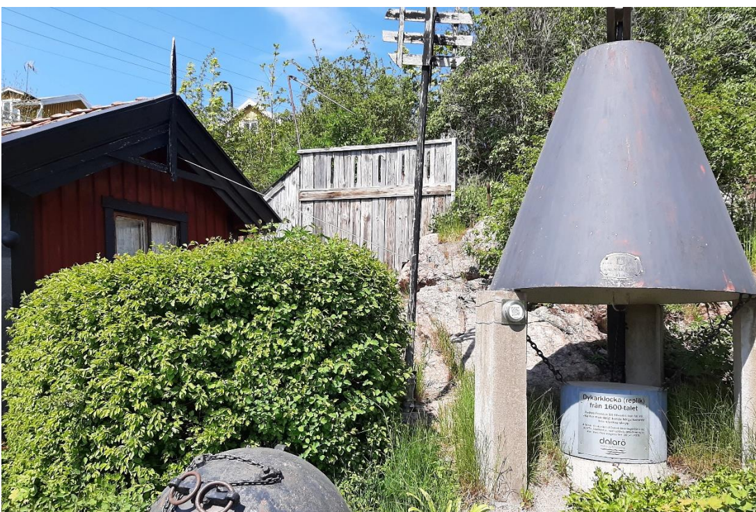
Där finns en dykarklocka av 1600-talstyp.
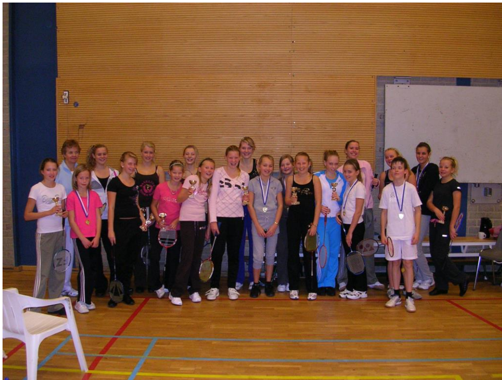
Jeugd Enkeltoernooi 2009
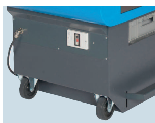
Roulettes pour déplacement facile.
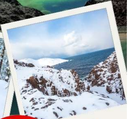
เทอริเบอก้า
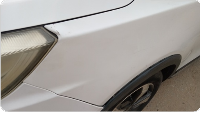
الرفرف الأمامي شمال : رش بدون معجون (خرابيش)
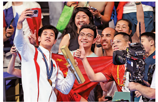
▲中國選手潘展樂（左一）在頒獎儀式後與觀眾合影。
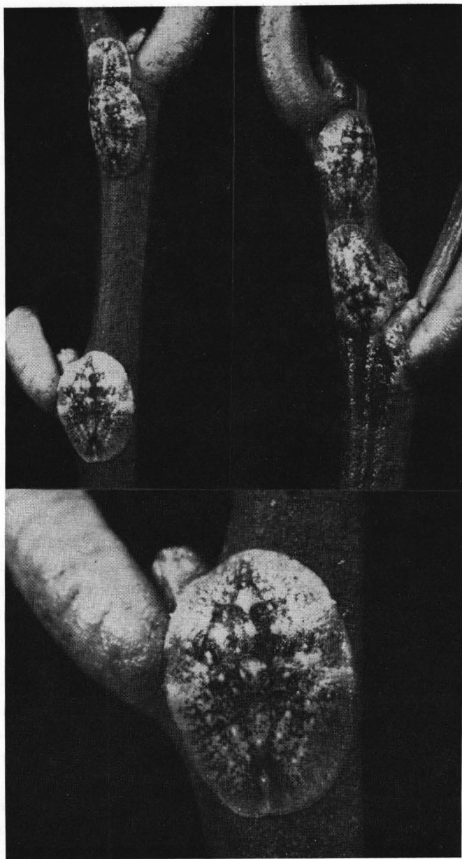
Fig. 4 - C. pseudomagnoliarum (Kuw.). In alto : porzioni di rametti di arancio attaccati da alcuni esemplari della cocciniglia; in basso : femmina adulta a maggiore ingrandimento.
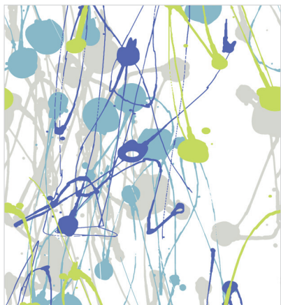
d 475 06
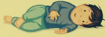
SE METTRE SUR LE CÔTÉ
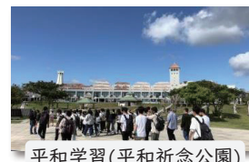
平和学習(平和祈念公園)
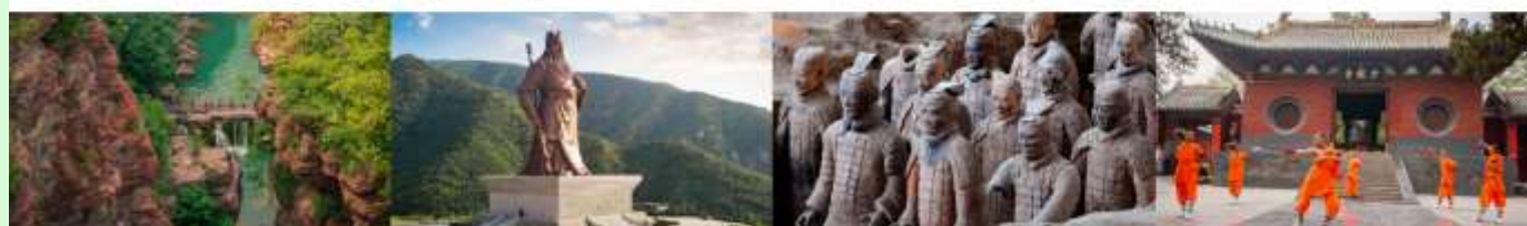
อุทยานสวรรค์หยุนโถซาน
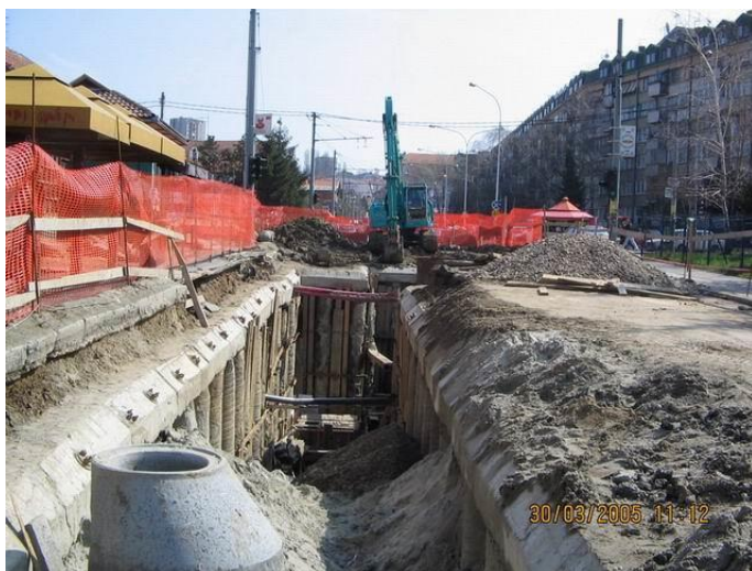
Slika 27. Izgradnja kolektora Duboki potok u otvorenom iskopu
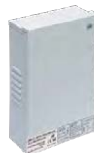
Драйвер IP45 брызгозащищенный (DC 12В)
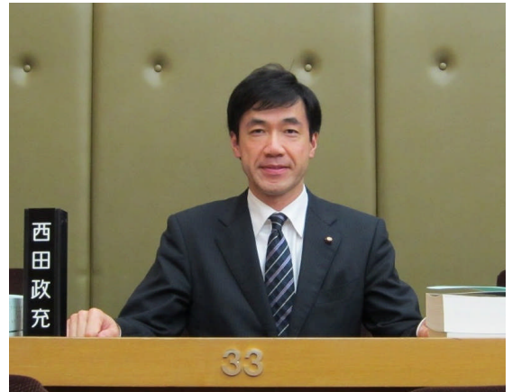
皆様から与えていただいた議席にて

以下に主な議案及びその審議結果をご紹介します。なお、各議案の詳細につきましては、枚方市公式ホームページか、本年5月に全世帯に配布される予定の枚方市議会報をご覧ください。
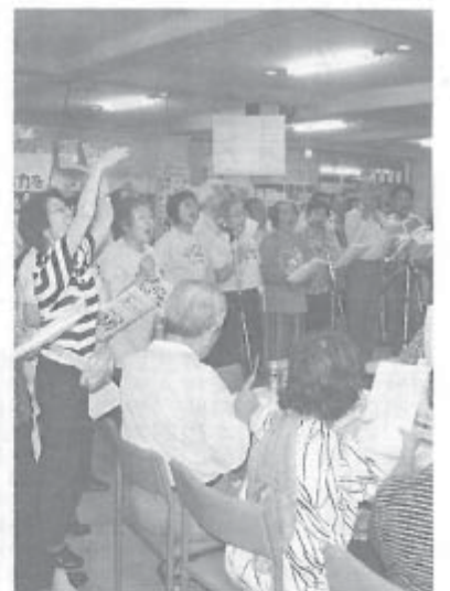
歌声酒場で240人の大合唱

「まずあいさつ」など近所づきあいの延長線上での声かけから始めようとのべ、もし自分がひとりぼっちになったときは素直に他人の手助けを受け入れるような活動もすすめようと話しました。
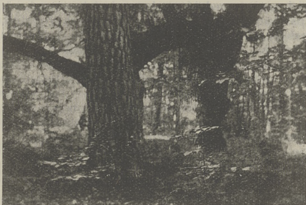
Puszcza Białowieża. Las mieszany.

nuży tylko trochę ta ciągła, błoga, aż usypiająca rajska wprost zieloność. Skończyły się błota, a zaczęły piachy; drożyna nasza przedziera się przez młody, gęsty zagajnik, a z tego znów wpada w bór potężnych, niebosiężnych, gonnych sosen-masztówek od wieków znanych w Anglii i Hiszpanji. Brodaty poganin, dąb prastary, bożyszczę, do którego przodkowie tubylców, Jadzwingowie, modły zanosili, objaty mu składając krwawe, jedyny niedobitek ze świętego Perkuna gaju, poważnie, jak do modlitwy wnosząc w niebo żylaste swe ramiona, strzeże wstępu do państwa grabów i innej leśnej hołoty, co ciżbą wielką wyrastają i gwałtownie pnąc się ku światłu, głuszą wszelkie wokół siebie życie. A pod ich sklepieniem mrok wieczny króluje, nie rośnie tu grzyb, ni zagładnie wąż, lis jeno czasem przemknie cicho i zbój-puhacz rad przed słońcem

•••••

* PROBLEM STATEMENT: Reproduce, exactly and with no pictures, the lines from the line containing "الرفرف الأمامي شمال : رش بدون معجون (خرابيش)" through the closing line of the data above, keeping both ends.

* RESPONSE AREA:
الرفرف الأمامي شمال : رش بدون معجون (خرابيش)
▲中國選手潘展樂（左一）在頒獎儀式後與觀眾合影。
Fig. 4 - C. pseudomagnoliarum (Kuw.). In alto : porzioni di rametti di arancio attaccati da alcuni esemplari della cocciniglia; in basso : femmina adulta a maggiore ingrandimento.
d 475 06
SE METTRE SUR LE CÔTÉ
平和学習(平和祈念公園)
อุทยานสวรรค์หยุนโถซาน
Slika 27. Izgradnja kolektora Duboki potok u otvorenom iskopu
Драйвер IP45 брызгозащищенный (DC 12В)
皆様から与えていただいた議席にて

以下に主な議案及びその審議結果をご紹介します。なお、各議案の詳細につきましては、枚方市公式ホームページか、本年5月に全世帯に配布される予定の枚方市議会報をご覧ください。
歌声酒場で240人の大合唱

「まずあいさつ」など近所づきあいの延長線上での声かけから始めようとのべ、もし自分がひとりぼっちになったときは素直に他人の手助けを受け入れるような活動もすすめようと話しました。
Puszcza Białowieża. Las mieszany.

nuży tylko trochę ta ciągła, błoga, aż usypiająca rajska wprost zieloność. Skończyły się błota, a zaczęły piachy; drożyna nasza przedziera się przez młody, gęsty zagajnik, a z tego znów wpada w bór potężnych, niebosiężnych, gonnych sosen-masztówek od wieków znanych w Anglii i Hiszpanji. Brodaty poganin, dąb prastary, bożyszczę, do którego przodkowie tubylców, Jadzwingowie, modły zanosili, objaty mu składając krwawe, jedyny niedobitek ze świętego Perkuna gaju, poważnie, jak do modlitwy wnosząc w niebo żylaste swe ramiona, strzeże wstępu do państwa grabów i innej leśnej hołoty, co ciżbą wielką wyrastają i gwałtownie pnąc się ku światłu, głuszą wszelkie wokół siebie życie. A pod ich sklepieniem mrok wieczny króluje, nie rośnie tu grzyb, ni zagładnie wąż, lis jeno czasem przemknie cicho i zbój-puhacz rad przed słońcem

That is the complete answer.